Después de la celebración
La placa de bronce de un metro de altura quedará para siempre como testimonio de que el río Amazonas es una de las siete maravillas del mundo. El antiguo Paraguasú o cualquier otro nombre puesto por los oriundos para nombrar a esas tremendas aguas, es grande desde antes. La certificación no es poca cosa en la medida en que reconoce la grandeza para el planeta de un río con una rica y variada historia. Desde el pasado, desde el instante en que se implantó en el imaginario de los hombres, fue una riqueza codiciada. Apoderarse del negocio de la navegación era una manera de adueñarse del caudaloso río. Adueñarse de las tantas riquezas que producen las orillas era otra manera de usurpar esa maravilla de la creación. El Brasil se adueñó del río en abusiva maniobra.
La certificación echa por tierra la obsesión de dicho país de llamar Solimoes al río que nace de la confluencia del Ucayali con el Marañón, para obstinarse en alardear que el Amazonas nace en suelo carioca.
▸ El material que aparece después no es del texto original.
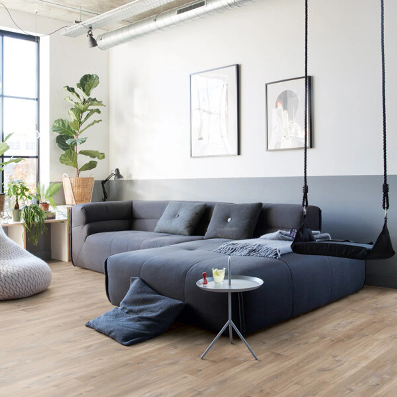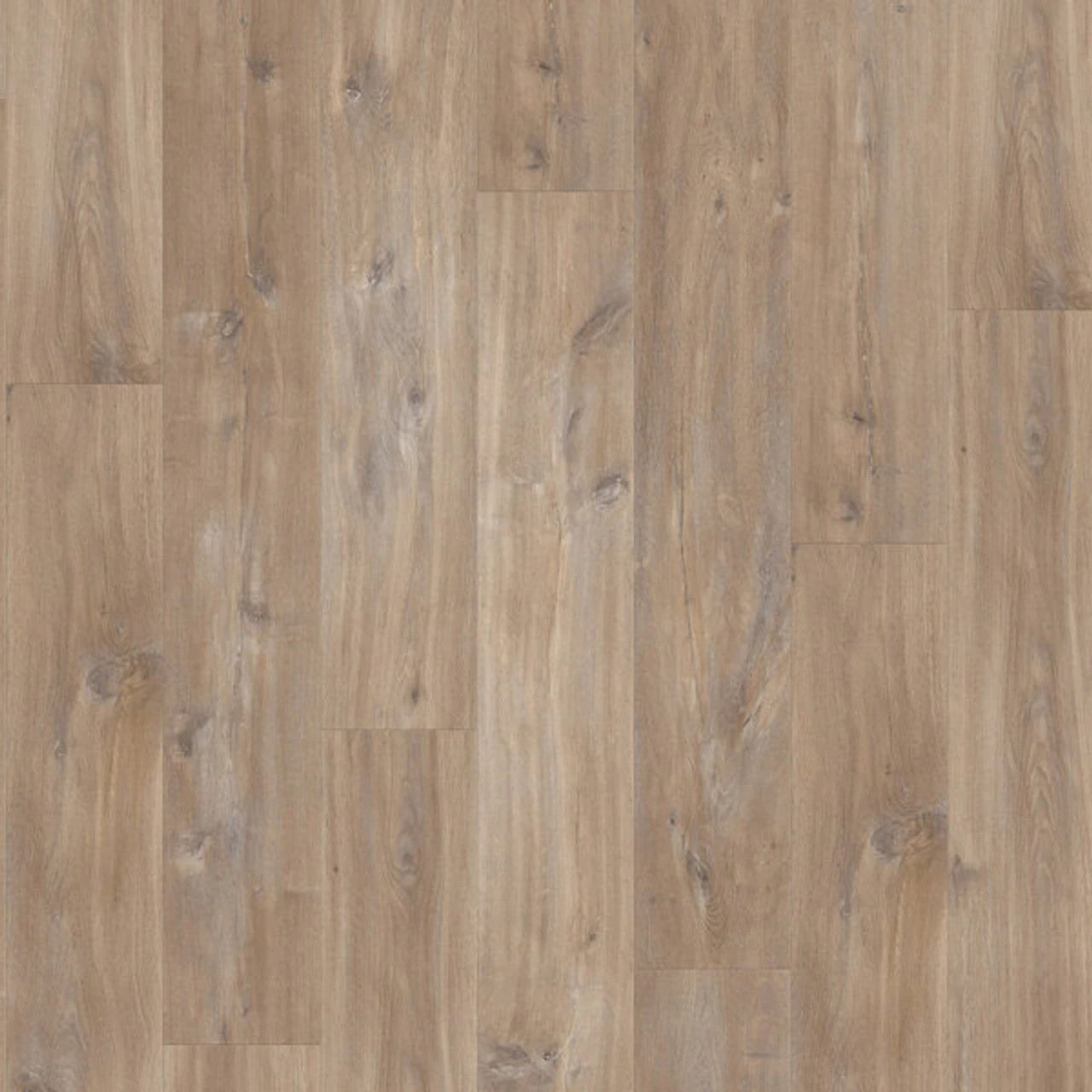 Part of Quick Step’s Balance Click range, the Canyon Oak Brown vinyl flooring offers a rustic charm to your home, with plenty of authentic-looking knots that oak is renowned for. This flooring option is also resistant to wear and tear, meaning you can rest easy knowing it will stand up to heavy traffic. Compatible with underfloor heating, this is an excellent option if you are looking for a flooring option that is resistant to wear. Featuring modern bevel grooves, this has a matt finish and is rated a Class 32 flooring, making it suitable for moderate commercial use.

Ese absurdo no es más a partir del reconocimiento como maravilla natural, puesto que nadie habla de esa pedantería brasileña. Ello es un avance en momentos en que la humanidad piensa en el futuro al lado del agua. No lejos de las orillas ni lejos de lo que significa ese recurso. Como nunca antes una riqueza fluvial se ha vuelto importante para los unos y los otros. El mundo será del agua dentro de poco.
La placa de bronce de un metro de alto fulgurará ante el sol. Nos sumamos a los jolgorios, los discursos y las tantas fiestas que ha desatado la ceremonia oficial de certificación. Pero, a su vez, imaginamos que las cosas no deben terminar allí. Suponemos que existe un plan global para sacarle el jugo a ese río nuestro y de tantos. Suponemos, por ejemplo, que existe un proyecto para implementar un pasadizo, un corredor o lo que fuera en la confluencia cerca de Nauta. Suponemos tantas cosas, contemplando las aguas que pasan.